MGPs and Insurance Coverage: New and Old Historical Sources Working Together
This poster presentation examines MGP research strategies and the value of a range of new — and perhaps unexpected — MGP-related historical source material. These new sources, when combined with conventional document sets, provide litigators with an important toolset in determining if insurance claims for legacy environmental liabilities associated with former MGP sites should be honored or disputed in legal forums.
Utility company environmental and legal managers as well as insurance industry adjusters have long known that earlier insurance policies lacking pollution exclusion language could generally be invoked to cover legacy liabilities, if the MGPs were operated in a non-negligent manner consistent with standard waste disposal practices at the time. Contaminant releases caused by industrial accidents and clear “acts of god,” including floods and fires, might also be “trigger events” for coverage, if MGP superintendents did not cause or worsen such events. Yet MGP activities over time such as tar “disposal” are often complex, involving byproduct recovery and decommissioning and requiring careful research in order to establish what practices were followed and which events, if any, might legitimately trigger coverage.

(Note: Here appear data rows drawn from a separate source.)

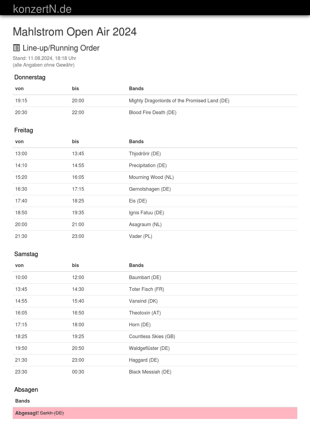 | 18:50 | 19:35 | Ignis Fatuu (DE) | |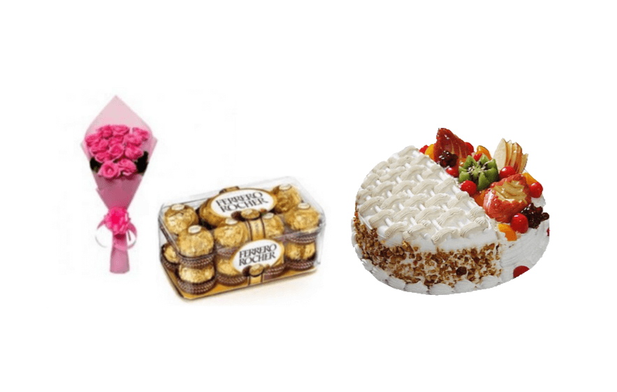 Order a combo of Cake, Ferrero Rocher, and a beautiful pink colored flower bouquet for your loved ones on an anniversary, wedding, Valentine's day, birthday or any other special occasion.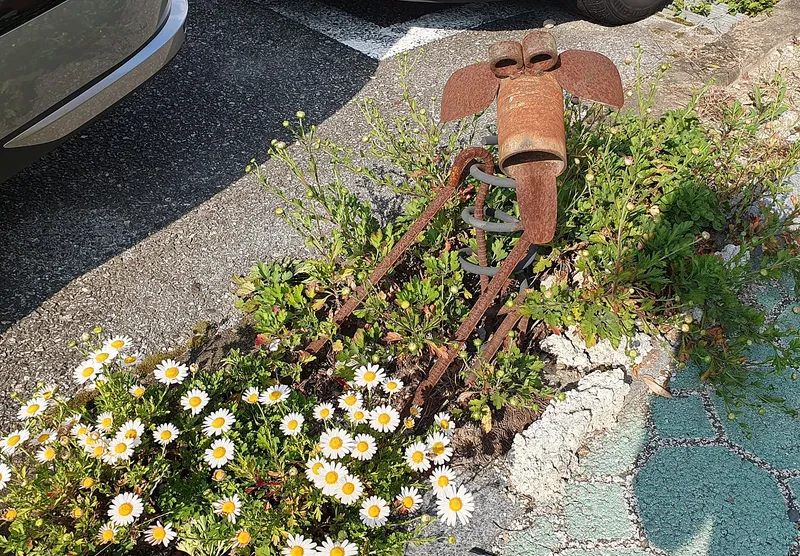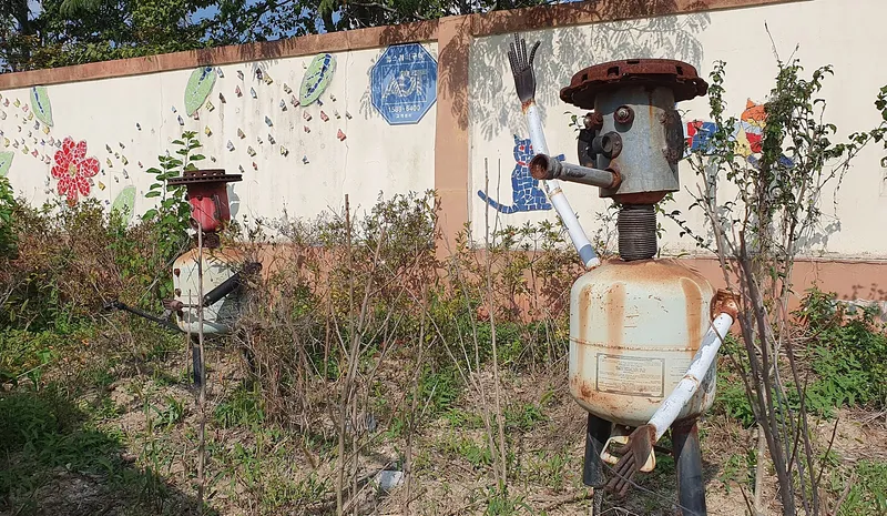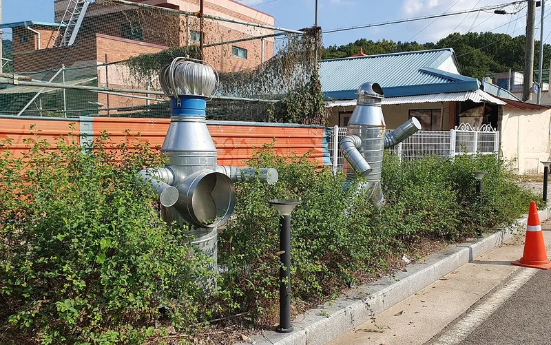 당시에 만든 재미있는 모양의 금속 재활용 작품이 길을 따라 서 있습니다.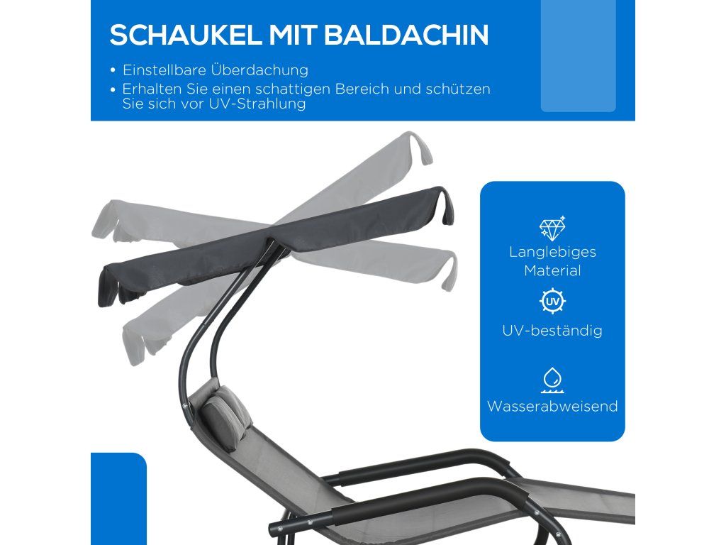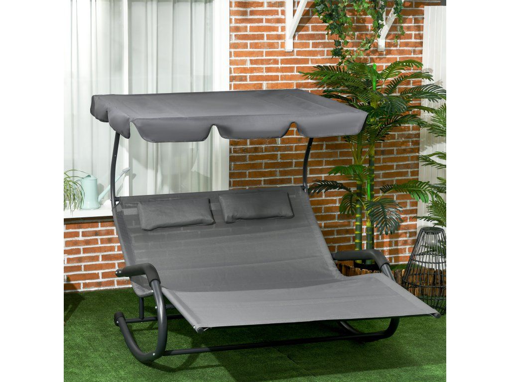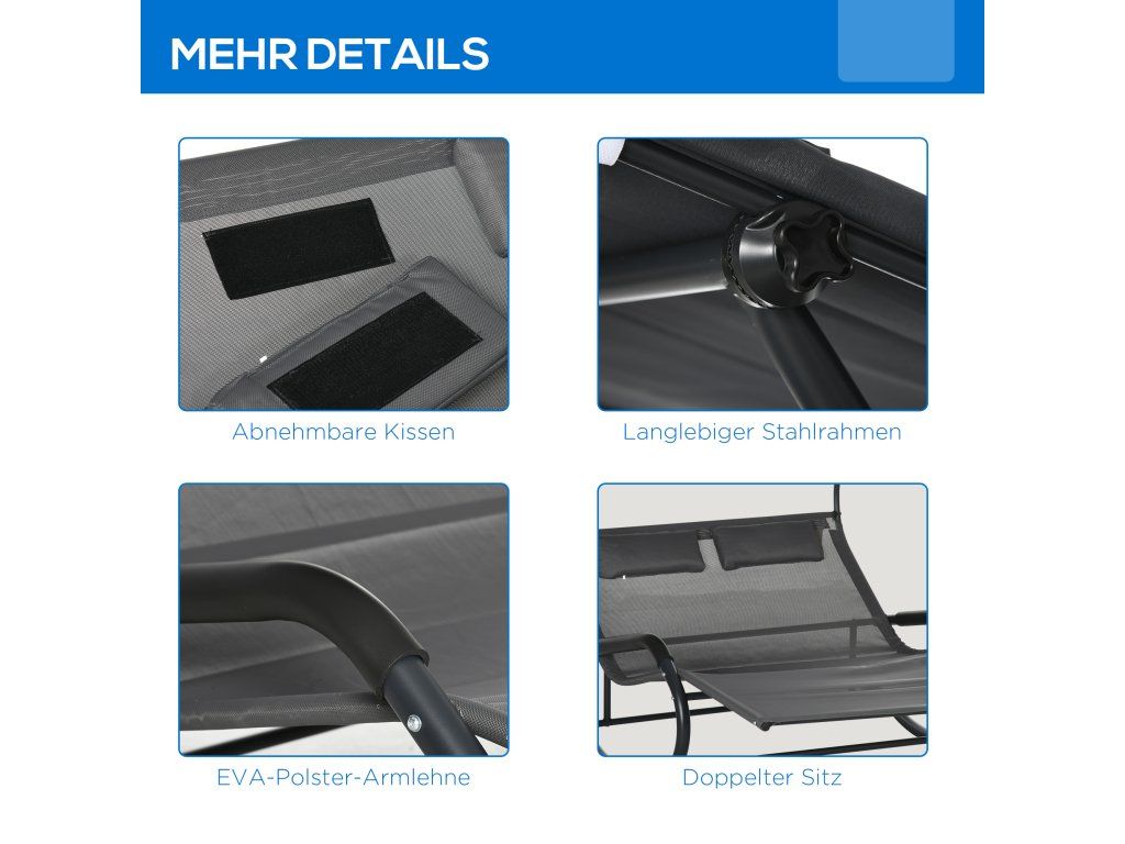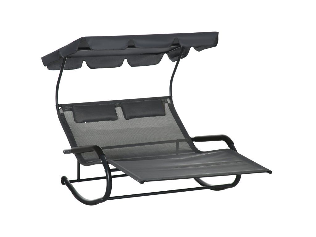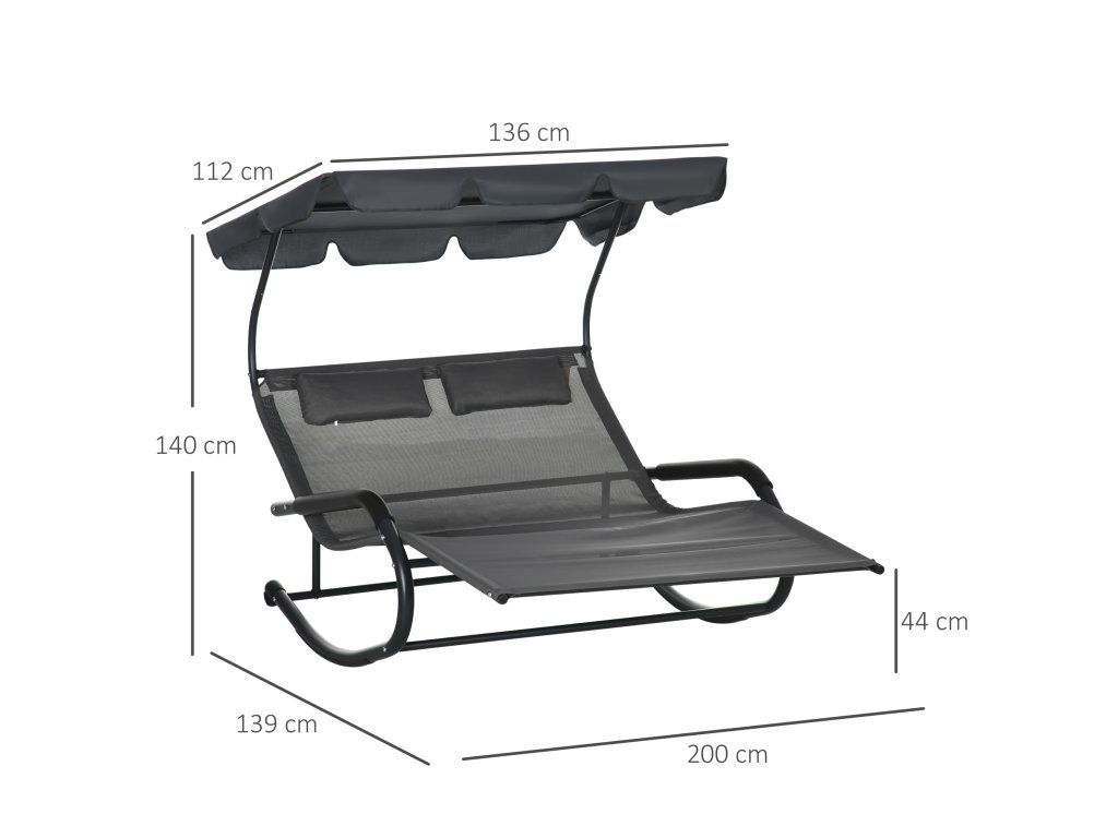 Dvojité lehátko pro 2 osoby, včetně polštářů a stříšky, 200 cm x 139 cm x 140 cm, tmavě šedé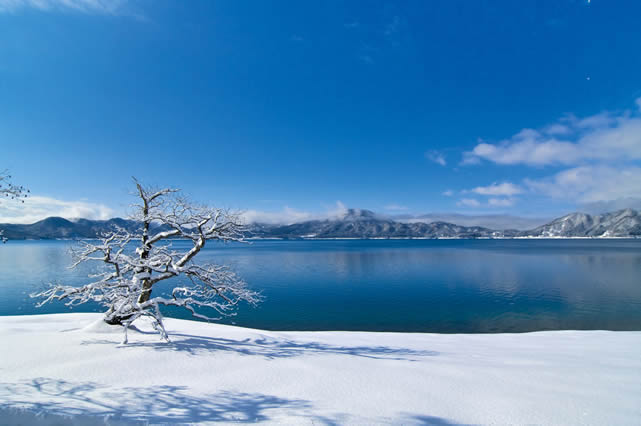 【吹雪の翌朝】別の場所へ急いでいたら、田沢湖の雲が開いていた。今見ているものを大切にしようと思い、ここで約2時間を費やして撮影した。おかげでバリエーションのある良い撮影ができた。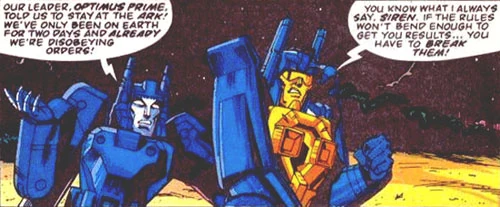 - For their character models, the face/Nebulan and helmet/seat pieces of Nightbeat and Siren were inexplicably switched. (It is difficult to tell for sure, but they may have kept the correct antennae/guns judging by the basic shapes involved.) This switch gave comic book Nightbeat the "shades" he's remembered for, as well as the crest on his forehead, while comic book Siren ended up with his trademark combined brow/nosepiece. How or why this switch happened, and in what stage of development it occurred, is unknown.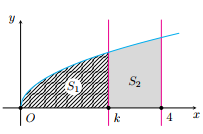 Cho hình thang cong (H) giới hạn bởi các đường \(y = \sqrt x \), y = 0, x = 0, x = 4. Đường thẳng x = k (0 < k < 4) chia (H) thành hai phần có diện tích là S1 và S2 như hình vẽ. Để S1 = 4S2 thì giá trị k thuộc khoảng nào sau đây?
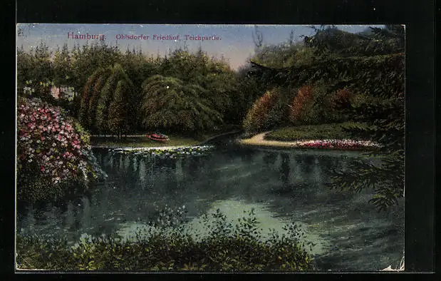 AK Hamburg, Teichpartie im Ohlsdorfer Friedhof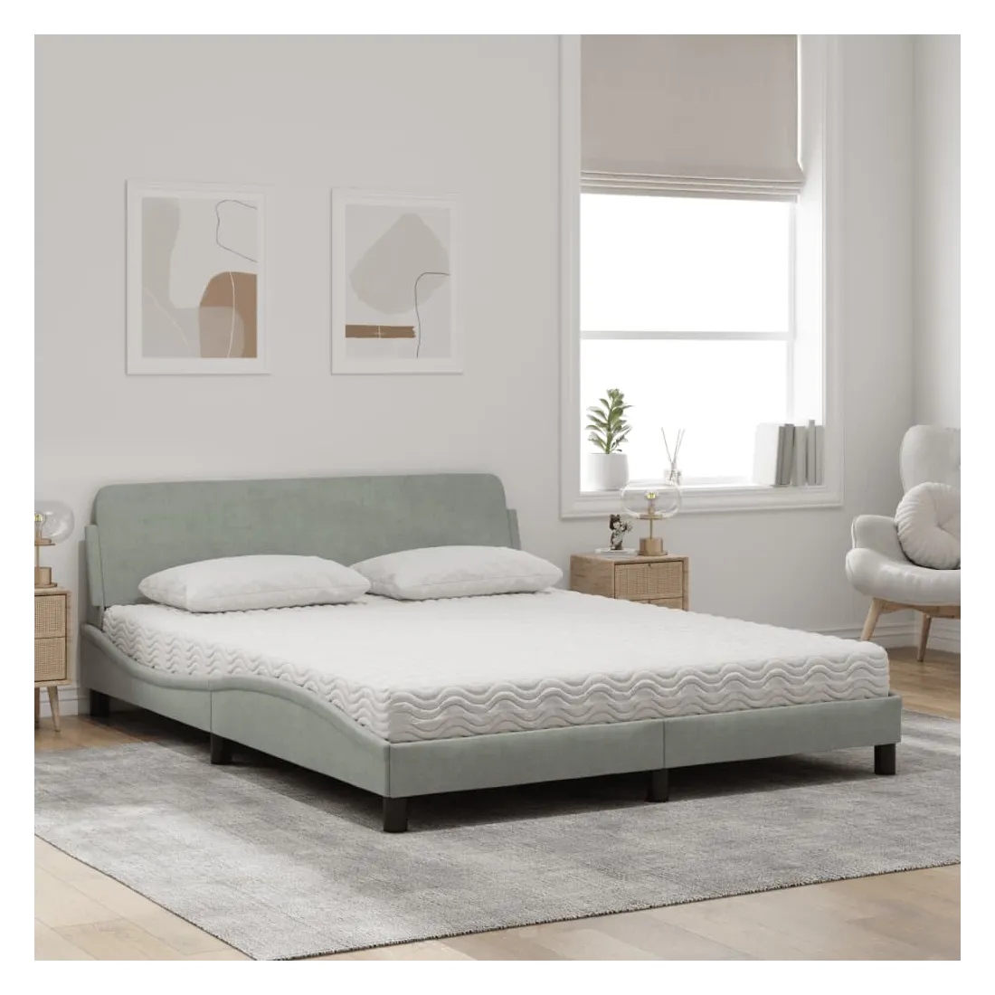 Obtenez une meilleure nuit de sommeil reposante grâce à ce lit avec matelas ! Il est un supplément accueillant à toute chambre à coucher. Velours doux : le velours est un tissu doux et confortable, agréable au toucher.Lattes de contreplaqué : les lattes de contreplaqué assurent une bonne répartition du poids, garantissant que le matelas reste en place à chaque torsion de votre corps pendant le sommeil.Excellent soutien : la tête de lit vous offre un excellent soutien du dos lorsque vous êtes assis dans votre lit pour lire ou regarder la télévision.Matelas en mousse : ce matelas de lit en tissu à 3 couches est rempli de mousse PU 22D pour un confort optimal. Il contribue à soulager la fatigue et à favoriser la circulation sanguine, vous offrant ainsi une relaxation complète et une bonne qualité de sommeil. En outre, le matelas est disponible en dureté H2 et H3, de sorte que vous pouvez simplement tourner le matelas pour choisir la dureté qui vous convient le mieux.Design latéral ondulé : l’aspect ondulé du cadre de lit est élégant et sophistiqué, ajoutant une touche moderne et élégante à votre décor, ce qui en fait le point central de votre chambre à coucher.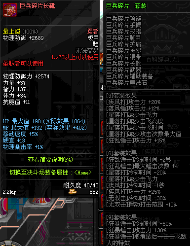 | 70 | 圣物 :荣耀的摩羯守护神的钛钢短靴 | *Lv70~76普通地下城怪物掉落 |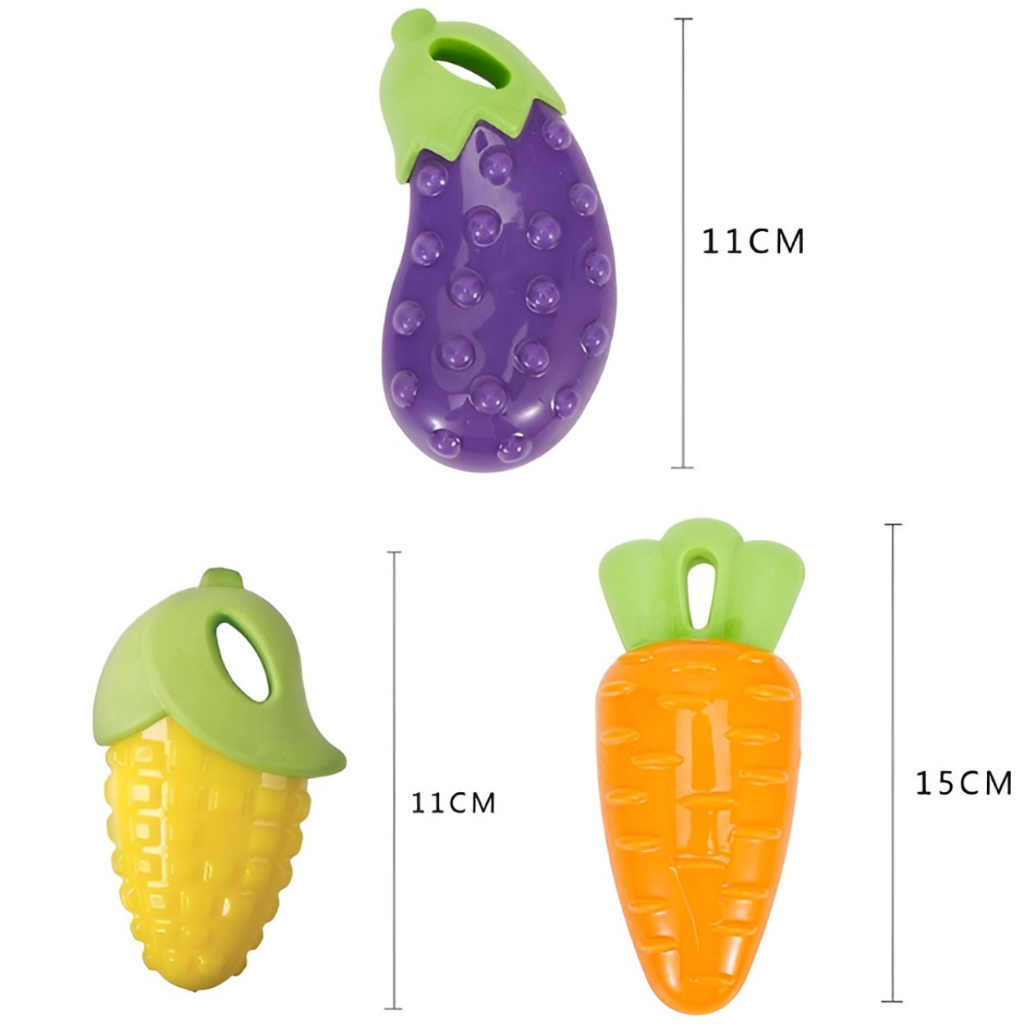 Brinquedo Pet Mordedor Petisco Berinjela Cenoura Milho De Borracha Macia Cachorro e Gatos Com Apito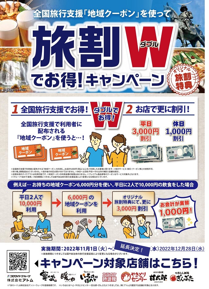 コロワイドグループの株式会社アトム(本社:神奈川県横浜市、代表取締役社長:山角豪)は居酒屋「寧々家(ねねや)」「暖や」「いろはにほへと」「やきとりセンター」「甘太郎」「ぎんぶた」「時遊館(じゆうかん)」の対象店舗で、2022年11月1日(火)より全国旅行支援地域クーポンご利用のお客様を対象に「旅割 Wでお得!キャンペーン」を実施しておりましたが、ご好評につき12月28日(水)まで延長いたします!

As professional historians with a core specialty in MGP research, we have seen the array of sources and techniques which can shed light on these questions significantly evolve over the past two decades. The poster depicts this evolution and describes the value of these new resources to MGP professionals. Although older documents such as industry handbooks and annual MGP returns remain critical for these investigations, new, and significantly underutilized document sets provide further data points for MGP investigation. These include online searchable newspapers and 19th and 20th century trade literature; environmental reports on MGP decommissioning and early remediation; corporate memos and interviews with key company executives; and cultural resource reports and studies often documenting once-extant structures.